Questia
- Website type: Online digital library
- Available in: English
- Founded: 1998
- Dissolved: December 21, 2020
- Headquarters: Chicago, Illinois, {{{location_country}}}
- Owner: Gale
- Commercial: Yes
- Current status: Closed

= Questia Online Library =

Former online research library

Questia was an online commercial digital repository of books and articles that had an academic orientation, with a particular emphasis on books and journal articles in the humanities and social sciences. All the text in all the Questia books and articles were available to subscribers; the site also included integrated research tools. It was founded in 1998 and ceased operations in December 2020.

==Company history==
Questia, based in Chicago, Illinois, was founded in 1998 and purchased by Gale, part of Cengage Learning, in January 2010.

==Service==
Questia offered some information free of charge, including several public domain works, publication information, tables of contents, the first page of every chapter, Boolean searches of the contents of the library, and short bibliographies of available books and articles on some 6,500 topics.

Questia did not sell ownership to books or ebooks, but rather sold monthly or annual subscriptions that allowed temporary online reading access to all 94000+ books, and 14 million + journal, magazine, and newspaper articles in their collection. The books were selected by academic librarians as credible, authoritative works in their respective areas. The librarians also compiled about 7000 reference bibliographies on frequently researched topics. The library was strongest in books and journal articles in the social sciences and humanities, with many older historical texts. Original pagination was maintained. The Questia service also featured tools to automatically create citations and bibliographies, helping writers to properly cite the materials.

A limitation to the Questia library was that new additions were available in a "beta" version only. Unlike Questia's earlier publications, these prevented users from copying text directly from the website, although one page from the publications could be printed free of charge. A charge was made for printing a range of pages.

Questia launched their Q&A blog on September 21, 2011. Q&A was divided into "Education news", "Student resources" and "Subjects" categories. "Subjects" was further broken down so readers could find specific content based on their academic needs.
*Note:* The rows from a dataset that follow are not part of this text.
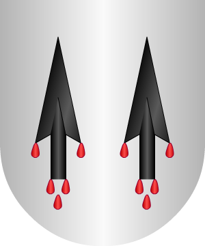 Sin referencias documentales sobre sus orígenes. Armas En campo de gules, un castillo de plata sobre ondas de agua de azur y plata, y a su puerta una dama armada con una espada y rodela. Bordura de oro con ocho aspas de oro. |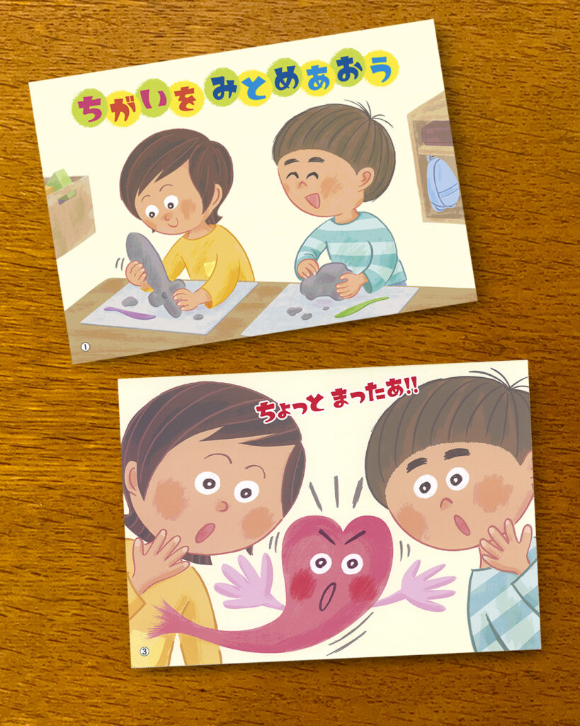 あんぜんあんしん 園生活かみしばい(フレーベル館)Posted on 2025年11月15日By ハラアツシ 包括的性教育をテーマにしたフレーベル館の紙芝居です。3巻セットのうち第1巻『ちがいをみとめあおう』を担当させていただきました。人それぞれの考え方や見た目、家族の形の違いを通して、自分と他者の個性を尊重することの大切さを子どもたちにもわかりやすく、親しみやすく表現しています。 Filed under: 2025年Tagged with: 人物, 子供, 家族, 紙芝居, 絵本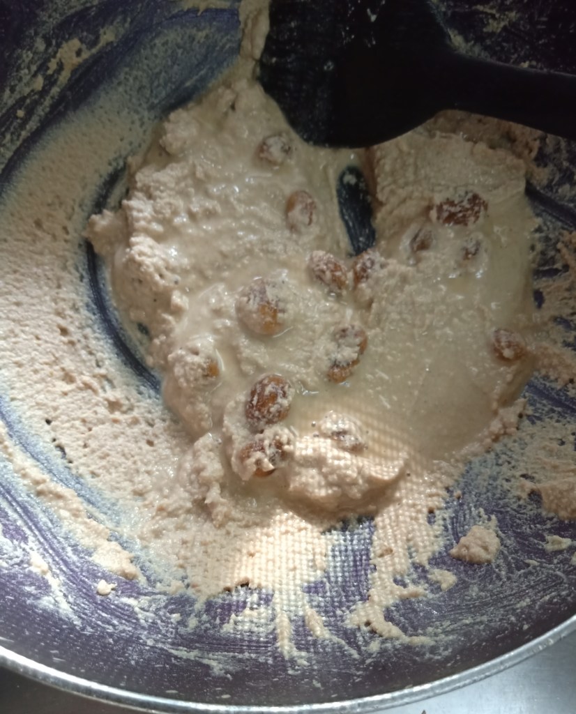 3. Now you can see ghee seperates from flour, at this moment add raisins and stir continuously. Immediately you can see all raisins swells .All this process under slow flame only.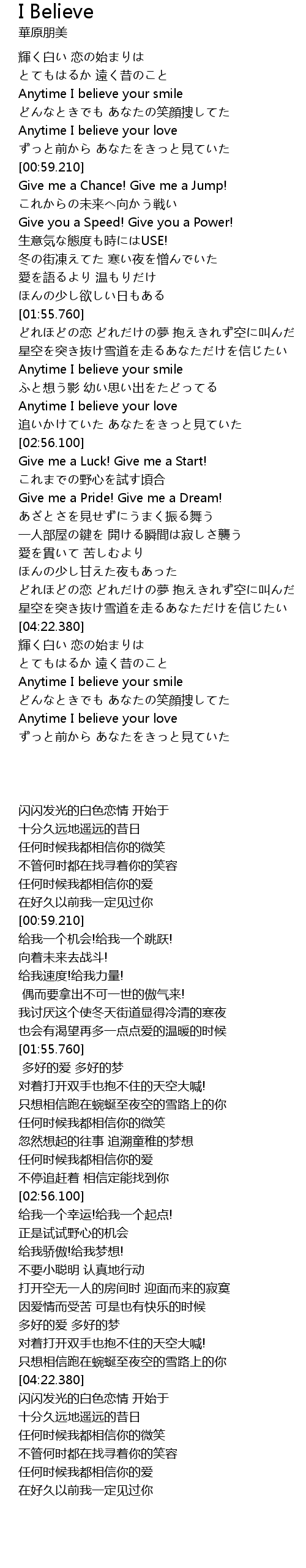 | [05:02.060] | 任何时候我都相信你的微笑 |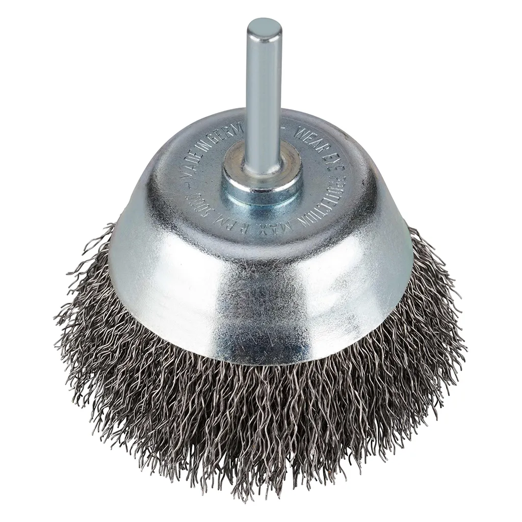 Brosse coupe en acier avec fil d’acier ondulé sur tige 6 mm pour une utilisation sur meuleuses droites. Avec vitesse de rotation maximale admise élevée.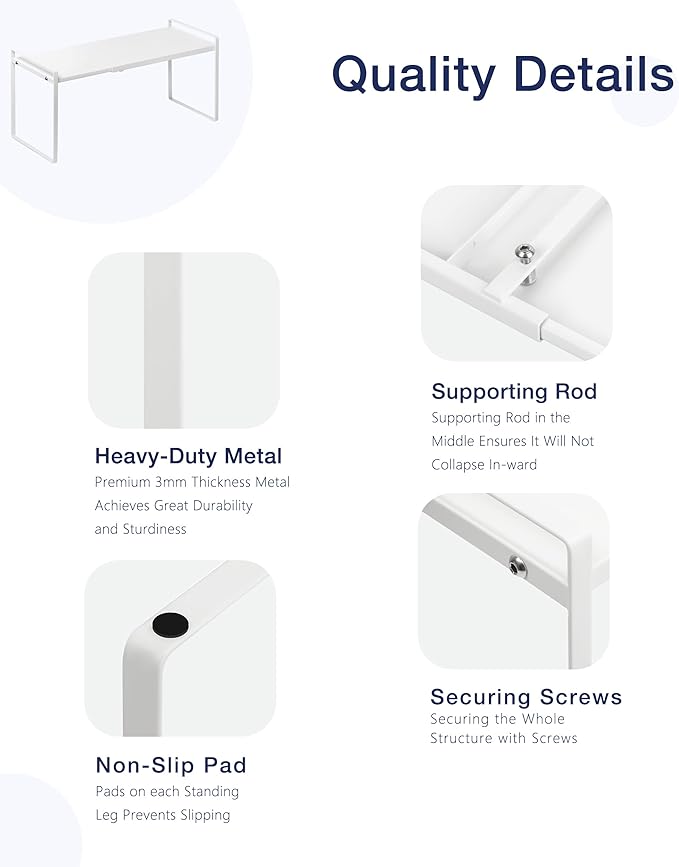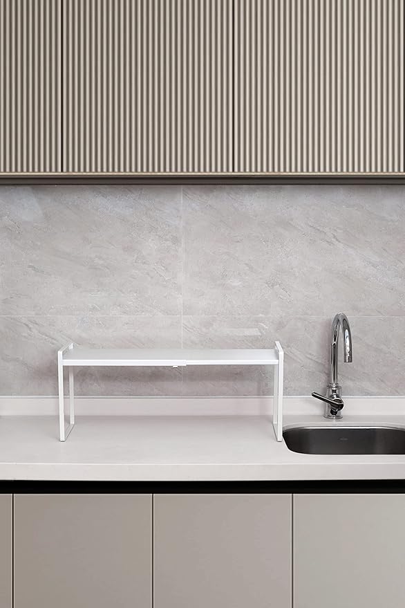 Nxconsu Expandable Cabinet Shelf Organizer Riser for Kitchen Pantry Cupboard Under Sink Countertop Home Storage Organization Rack Space Saver Freestanding Heavy Duty Nonslip Stackable White Large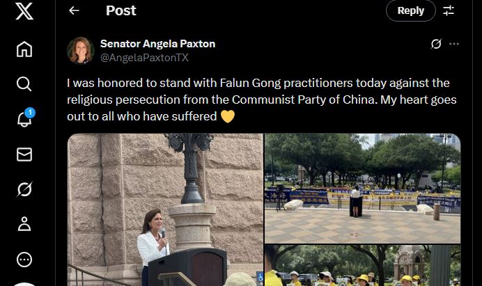 安吉拉‧帕克斯顿(Angela Paxton)是德克萨斯州第八选区的州参议员,在当天集会上发言中,她说自己选区的法轮功学员来到她办公室与她见面,让她听到了他们的经历——什么是法轮功以及他们自己、家人、朋友在中国大陆的遭遇,抓捕、酷刑、甚至可能被活摘器官。中共的这种发指的恶行,对她来说难以想象,却是真实的存在。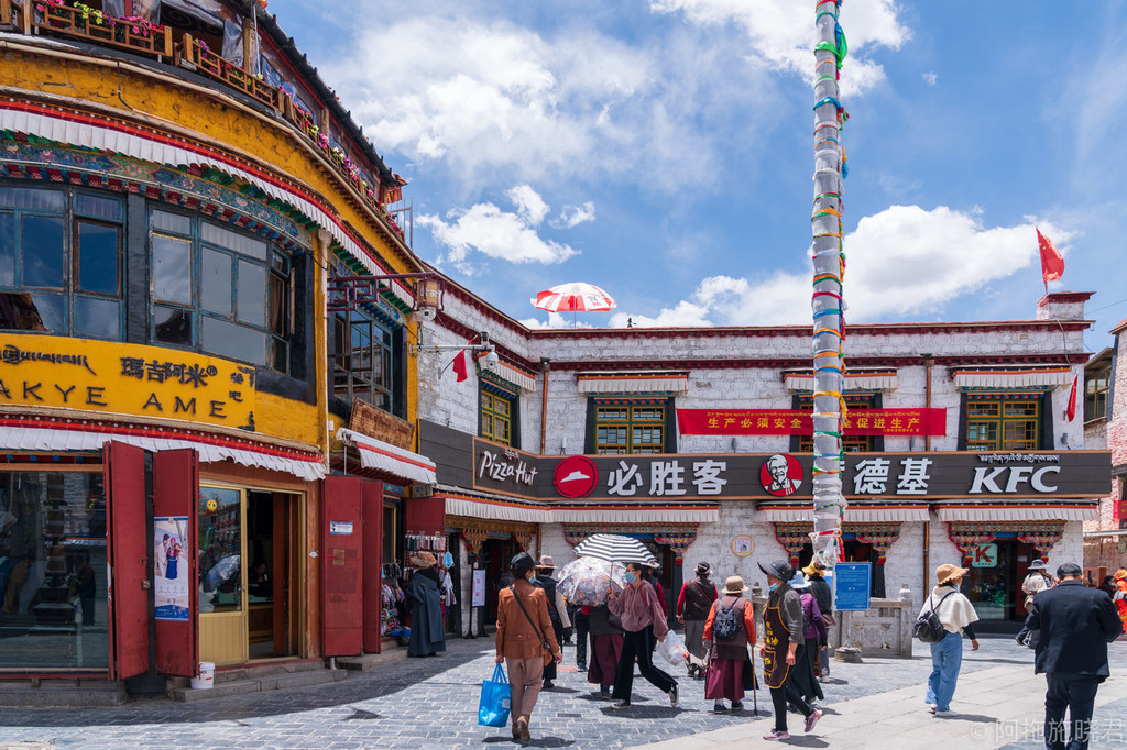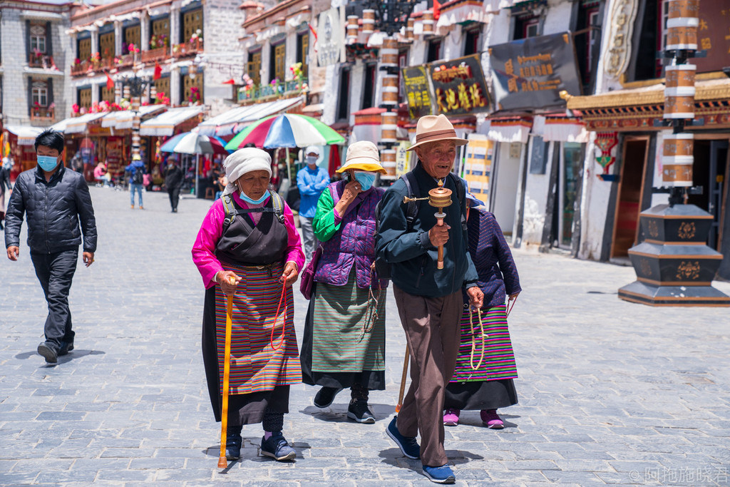 这可是一条千年历史文化名街啊,它是赋予 拉萨 最鲜活的灵魂啊,它怎么可以被沦为旅拍一条街!以往在 拉萨 ,无论是白天还是黑夜,只要来到大昭寺广场,都能看见朝圣者,绕着大昭寺三步一叩一圈又一圈,又或者直面大昭寺,一天好几千个长头就这么磕完了。

Questia released an iPhone app in 2011, which was extended to the iPad the following year. Then in January 2013 Questia launched tutorials, including videos and quizzes, to teach students the research process.

==Criticism==
Questia was criticized in 2005 by librarian Steven J. Bell for referring to itself as an academic library, when it concentrated on the liberal arts and treated users as customers rather than students. Moreover, Bell argued, Questia did not employ academic librarians or faculty. Although some of its employees had advanced library degrees, they did not work or collaborate with faculty to develop collections that served distinctive student populations.